**EXERCISE BRIEF**
Extract from the entries below, exactly as given, only the lines from the line containing "据悉,全国高校毕业生基层就业" to the line containing "Вероятность того, что", both lines included.

**SOURCE RECORDS**
>>>

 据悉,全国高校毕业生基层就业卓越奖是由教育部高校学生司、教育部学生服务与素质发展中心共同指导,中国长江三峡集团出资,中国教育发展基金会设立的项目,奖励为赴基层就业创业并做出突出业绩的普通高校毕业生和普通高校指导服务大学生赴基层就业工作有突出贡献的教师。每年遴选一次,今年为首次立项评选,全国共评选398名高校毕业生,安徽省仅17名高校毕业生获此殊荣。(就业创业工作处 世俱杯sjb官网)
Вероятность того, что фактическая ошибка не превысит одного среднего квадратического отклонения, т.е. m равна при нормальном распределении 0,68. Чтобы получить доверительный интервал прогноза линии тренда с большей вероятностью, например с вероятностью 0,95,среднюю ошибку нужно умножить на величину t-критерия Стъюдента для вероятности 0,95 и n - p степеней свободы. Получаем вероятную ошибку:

<<<
>>>

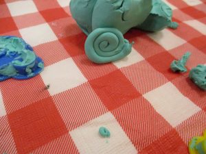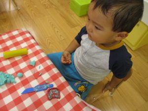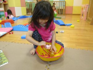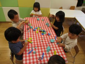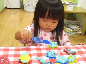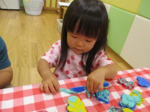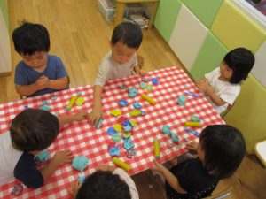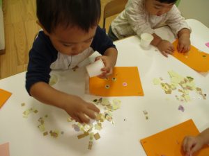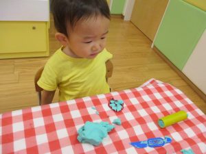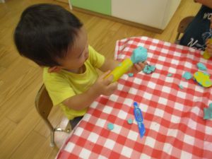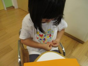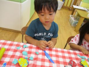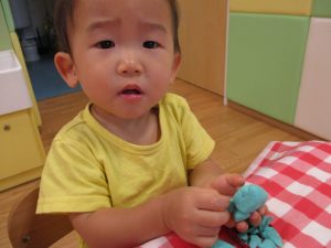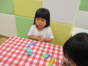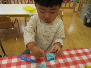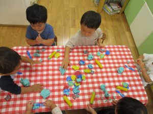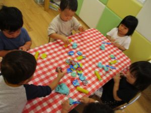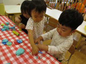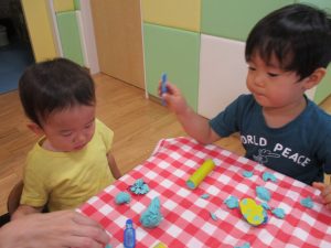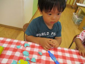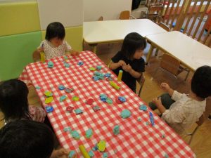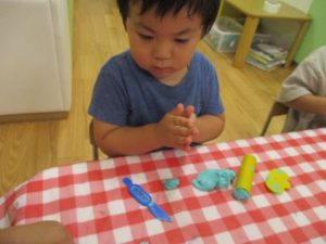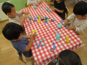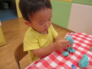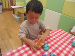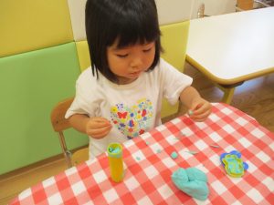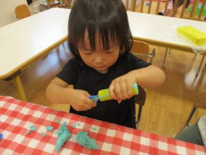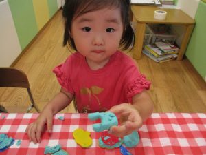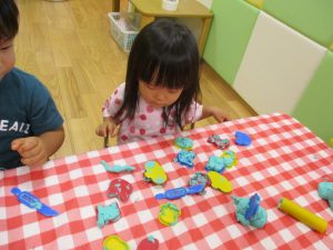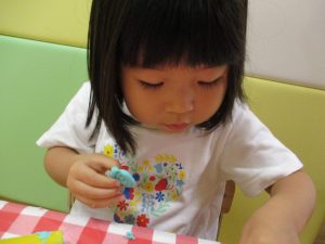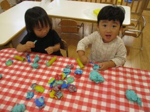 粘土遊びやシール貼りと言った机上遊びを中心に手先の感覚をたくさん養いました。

<<<

**WRITTEN RESPONSE**
 据悉,全国高校毕业生基层就业卓越奖是由教育部高校学生司、教育部学生服务与素质发展中心共同指导,中国长江三峡集团出资,中国教育发展基金会设立的项目,奖励为赴基层就业创业并做出突出业绩的普通高校毕业生和普通高校指导服务大学生赴基层就业工作有突出贡献的教师。每年遴选一次,今年为首次立项评选,全国共评选398名高校毕业生,安徽省仅17名高校毕业生获此殊荣。(就业创业工作处 世俱杯sjb官网)
Вероятность того, что фактическая ошибка не превысит одного среднего квадратического отклонения, т.е. m равна при нормальном распределении 0,68. Чтобы получить доверительный интервал прогноза линии тренда с большей вероятностью, например с вероятностью 0,95,среднюю ошибку нужно умножить на величину t-критерия Стъюдента для вероятности 0,95 и n - p степеней свободы. Получаем вероятную ошибку:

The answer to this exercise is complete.